But the BEST thing I do with my pillow is the Nice Big Pillow Game! This is how it works:

I say “Ha-AH, ha-AH, ha-AH!” and Mummy has to say “Oh, nice big pillow!”.
I say it again, “Ha-AH, ha-AH, ha-AH!” and Mummy says “Oh, nice big pillow!”.
I say it louder and louder, faster and faster, I want more, more MORE! “HA-AH, HA-AH, HA-AAAAH!” And Mummy says “OH, NICE BIG PILLOW!”

If Mummy doesn’t say “Oh nice big pillow”, I get a feeling in my tummy like I’m just going to burst until she says it. She HAS to say it.

I play the Nice Big Pillow game with Grandma too, and Daddy, and my carer Hannah.

I take my Nice Big Pillow with me almost everywhere, but I am not allowed to take it to school, or to trampolining, or swimming, or to have it in the bath, and that makes me sad.

I love my Nice Big Pillow.




Well, there’s not much I can add to this – Zac has said it all! The Nice Big Pillow is his comfort toy of choice at the moment, and we have no idea what the “Ha-AH” is all about, but it seems to make him very happy!
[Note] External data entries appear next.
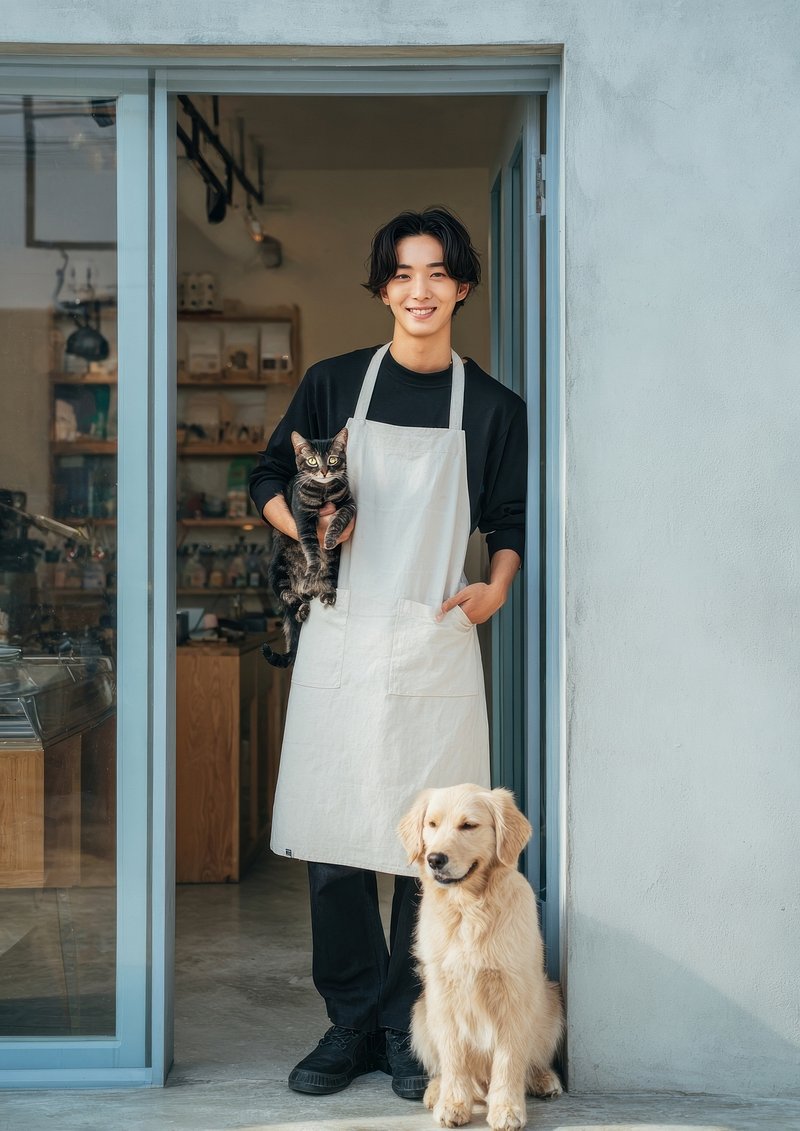 Smiling barista with pets https://www.rawpixel.com/image/25041746/smiling-barista-with-petsView license
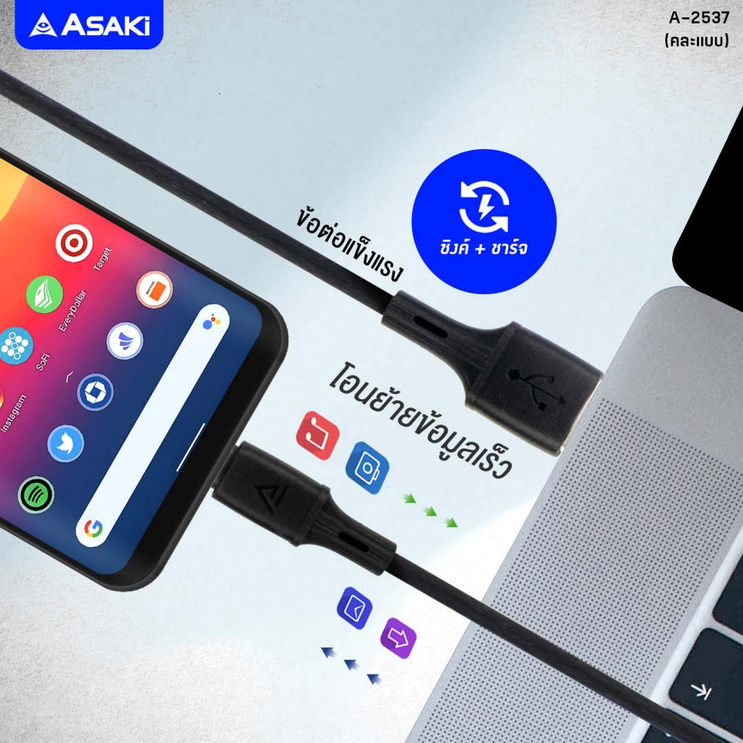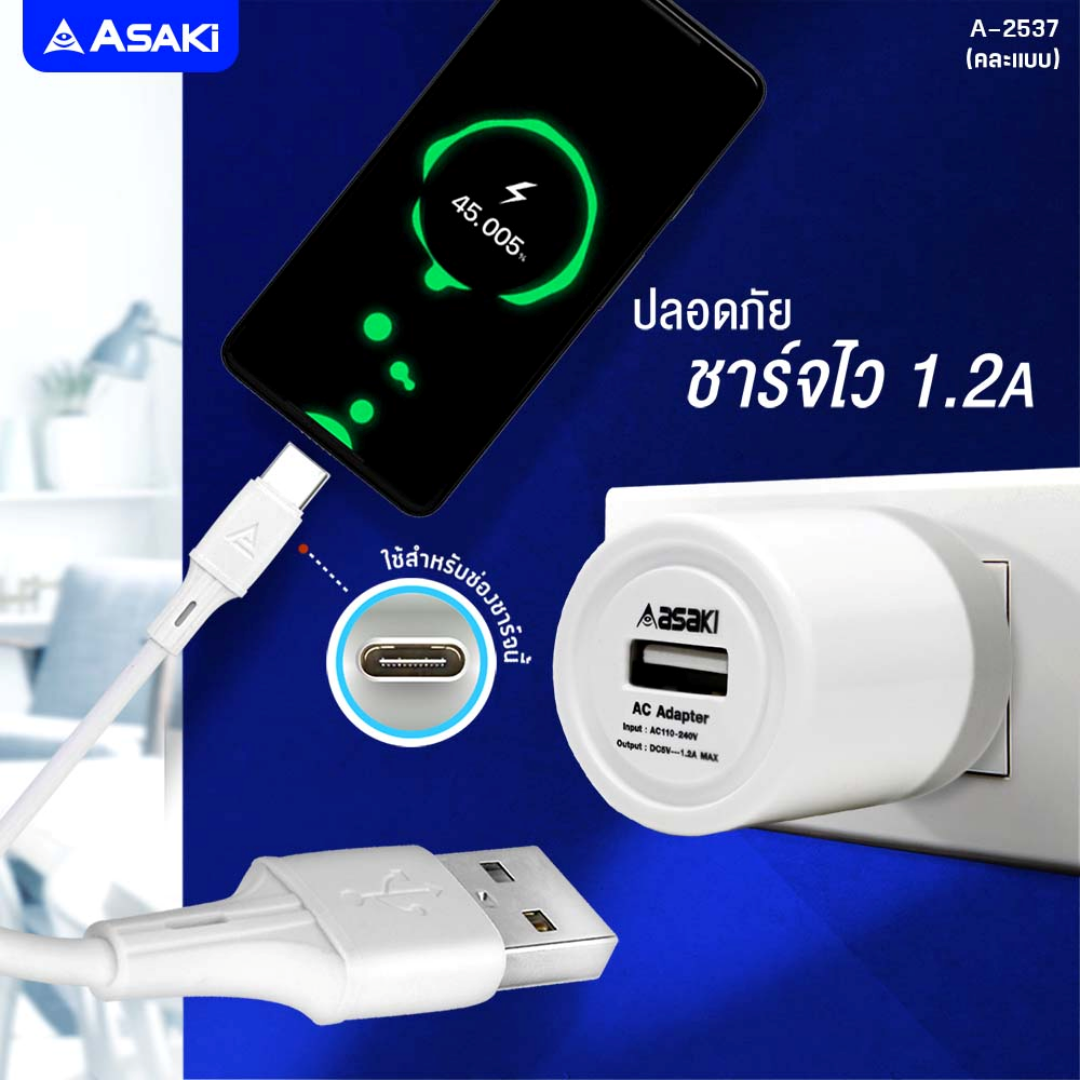 Asaki ชุดชาร์จอเนกประสงค์ อะแดปเตอร์ชาร์จไฟบ้าน และสายชาร์จ Type-C USB รุ่น A-2201
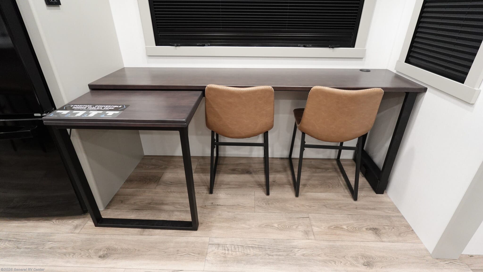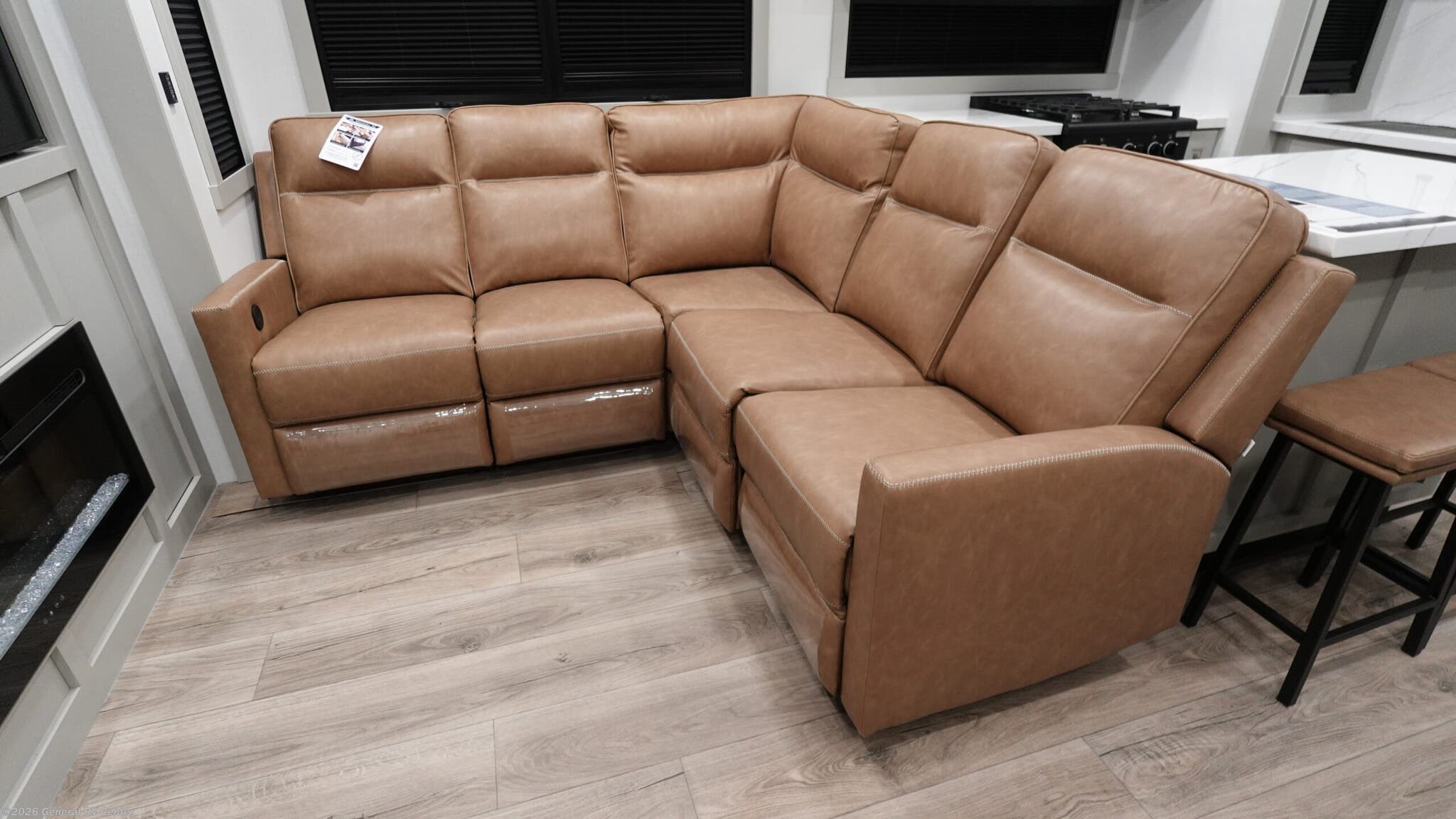 **Brinkley Model G toy hauler 4150 highlights:** - Private Front Office - L-Sofa with 4x Recliners - Pull-Out Pantry/Utility Closet - Loft/Storage - Air Compressor with Retractable Hose - Four Awnings This toy hauler is perfect for those who like to have fun, while still needing an office space to telecommute! The front office includes an adjustable executive L-desk with a hutch and shelves, plus this room is right off of the private bedroom so you can easily get to work in the morning. Once you've made the king-size bed, you can grab your clothes from the dresser with a sliding top, then clean up in the full bathroom. Breakfast can be made on the 24" GE Profile oven with a four-burner range or in the GE Profile convection microwave. The kitchen island includes two stools where you can dine at, or you can sit at the convertible table/L-desk. An L-sofa in the living area sits across an entertainment center with a fireplace, and there is more seating space in the 11' garage. Here, you'll find a loft/storage with a twin bed, a max space half bath with fold-away walls and a sink, plus independent dual sofas with a Fold-N Stow Table and drop-down bed above. With any Model G toy hauler fifth wheel by Brinkley you will enjoy luxurious amenities, tons of storage space, and innovative features that have been developed and tested in the real world. Durable construction includes an industry leading PDI process, an industry best insulation package, and reinforced and walkable slide roofs. Some of the exterior features you'll find are a 3-way pass-through with a multi-functional flip-up bulkhead wall, under I-beam storage, a MAX-Vision reverse lighting system, and a low-maintenance roof to name a few. A Rockford Fosgate audio system comes standard, along with a Full app-based coach control system (iOS & Android) that lets you control your fifth wheel's functions right from your mobile device. You will find the solar system with a designated storage area to be ultra convenient, plus there is a FlexPower 5500 with a dual fuel inverter generator for all your power needs. Head inside to find a residential interior with Brinkley's CraftSense wood trim construction, floating entrance steps, integrated window screens and insulated blackout blinds, and residential solid surface countertops plus backsplash. You will also enjoy the neon shower lighting and recessed medicine cabinets in the bath, plus motion activated LED bed lights and dual bedside outlets in the bedroom. Choose a Model G toy hauler fifth wheel to experience all the luxury it has to offer!

We predict that one day soon Zac will suddenly and inexplicably move on from the Nice Big Pillow and become obsessed with something else – this is the pattern. Previously he has been obsessed with a hideous naked plastic boy doll, which he called “Donny” and carried with him everywhere, until one day he hurled it into the River Medway, never to be referred to again! There has also been Bedtime Bear, a pair of wooden dolls which he named “Cor” and “Mmm”, and a booklet about the Isle of Wight! I wonder what the next obsession will be!


Key:
WHITE text is me, "speaking" as Zac
GREEN text is direct quotes from Zac
GREY text is background commentary or explanation

Wednesday, 24 February 2010

Happy

There are two things that make me happy at the moment.
The two things are: Sad Faces and my Nice Big Pillow.
Today I will tell you about Sad Faces.

Sad Faces make me laugh and smile and feel happy in my tummy.
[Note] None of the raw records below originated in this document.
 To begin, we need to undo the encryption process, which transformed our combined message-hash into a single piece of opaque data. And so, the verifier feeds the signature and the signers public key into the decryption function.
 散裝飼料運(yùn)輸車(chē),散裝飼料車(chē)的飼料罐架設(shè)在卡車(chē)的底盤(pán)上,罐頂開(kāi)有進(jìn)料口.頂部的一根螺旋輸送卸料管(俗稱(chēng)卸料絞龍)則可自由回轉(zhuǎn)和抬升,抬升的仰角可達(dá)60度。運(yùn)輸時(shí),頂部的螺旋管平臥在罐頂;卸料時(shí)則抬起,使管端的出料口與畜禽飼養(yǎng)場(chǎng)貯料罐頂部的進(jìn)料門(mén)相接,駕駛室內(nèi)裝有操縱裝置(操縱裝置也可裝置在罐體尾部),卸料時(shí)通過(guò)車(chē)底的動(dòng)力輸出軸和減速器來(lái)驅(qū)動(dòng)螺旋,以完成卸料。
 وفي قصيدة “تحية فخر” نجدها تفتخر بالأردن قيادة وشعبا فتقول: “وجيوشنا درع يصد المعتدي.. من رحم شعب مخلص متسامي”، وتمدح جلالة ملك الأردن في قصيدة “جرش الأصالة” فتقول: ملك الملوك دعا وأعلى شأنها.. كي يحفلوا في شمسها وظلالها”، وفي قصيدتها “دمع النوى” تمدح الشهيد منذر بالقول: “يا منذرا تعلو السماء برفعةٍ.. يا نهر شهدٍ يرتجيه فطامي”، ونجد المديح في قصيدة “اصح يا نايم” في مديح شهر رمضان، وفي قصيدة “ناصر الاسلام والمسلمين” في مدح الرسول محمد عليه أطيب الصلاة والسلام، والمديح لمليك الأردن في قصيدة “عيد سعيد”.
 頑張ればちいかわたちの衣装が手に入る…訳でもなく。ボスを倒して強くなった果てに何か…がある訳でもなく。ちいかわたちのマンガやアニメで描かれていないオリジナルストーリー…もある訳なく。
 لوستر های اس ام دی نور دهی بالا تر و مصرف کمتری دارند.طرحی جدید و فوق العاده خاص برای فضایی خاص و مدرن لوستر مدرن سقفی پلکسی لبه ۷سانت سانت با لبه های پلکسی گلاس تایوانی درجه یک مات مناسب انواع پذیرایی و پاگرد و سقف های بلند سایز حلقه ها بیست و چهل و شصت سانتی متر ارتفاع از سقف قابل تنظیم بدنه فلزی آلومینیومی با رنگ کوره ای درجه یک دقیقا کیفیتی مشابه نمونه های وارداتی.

I say “Want Mummy to do a Sad Face”, and Mummy says “Shall I do a Happy Face instead?” and I say “No no no no no, SAD FACE!”. So Mummy makes her mouth go down and sticks out her lip and does sad eyes and I laugh and laugh and jump and flap my hands.

I want it again and again and I say “To do a Sad Face! To do a Sad Face!” So Mummy does a Sad Face again. I jump and flap and laugh.
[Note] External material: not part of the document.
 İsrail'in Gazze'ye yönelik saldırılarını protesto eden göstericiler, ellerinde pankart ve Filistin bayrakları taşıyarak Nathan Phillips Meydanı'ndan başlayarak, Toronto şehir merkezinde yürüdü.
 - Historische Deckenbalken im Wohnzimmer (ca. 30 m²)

I want more, more, more and I shout “SAD FACE! SAD FACE! TO DO A SAD FACE!!!” Mummy says “One more Sad Face” in the firm voice and I know that is the last one.

So I find Daddy or Grandma to do a Sad Face for me instead.
At school I ask my teacher Joanna to do a Sad Face.
At Parklands I ask my carer to do a Sad Face.

(Sometimes I scratch Lily-Rose’s face and pull out her dummy, then she does a VERY sad face and cries, and I laugh and laugh and put my fingers in my ears because it is so loud. Mummy and Daddy and Grandma are very cross with me then.)

Mummy and Daddy and Grandma want to play Happy Face but I don’t like the happy face – too many teeth and eyebrows up high and eyes that look right into mine and make me feel strange.

I think the Sad Faces make Mummy and Daddy feel sad.
But they make me feel HAPPY.



We don’t know where Zac’s current passion for “Sad Faces” came from, but it is a real obsession with him at the moment, and we have mixed feelings about it. On the one hand it is fantastic that he is actually talking and asking for what he wants, and great that this involves real human interaction and gets him out of his isolated autistic “bubble” and into our world for a few moments. But on the other hand, it is a strange twist that sadness seems to bring him such happiness!

It may be that he doesn’t actually understand the concept of sadness, but that something about the angles and contortions of a sad-looking face really appeal to his sense of humour. We just don’t know at the moment. So, for now, we will go along with the game, in moderation… and see where it ends up. The obsession will hopefully just fade away (but hopefully the talking won’t), or may turn into something more serious, in which case we will take action!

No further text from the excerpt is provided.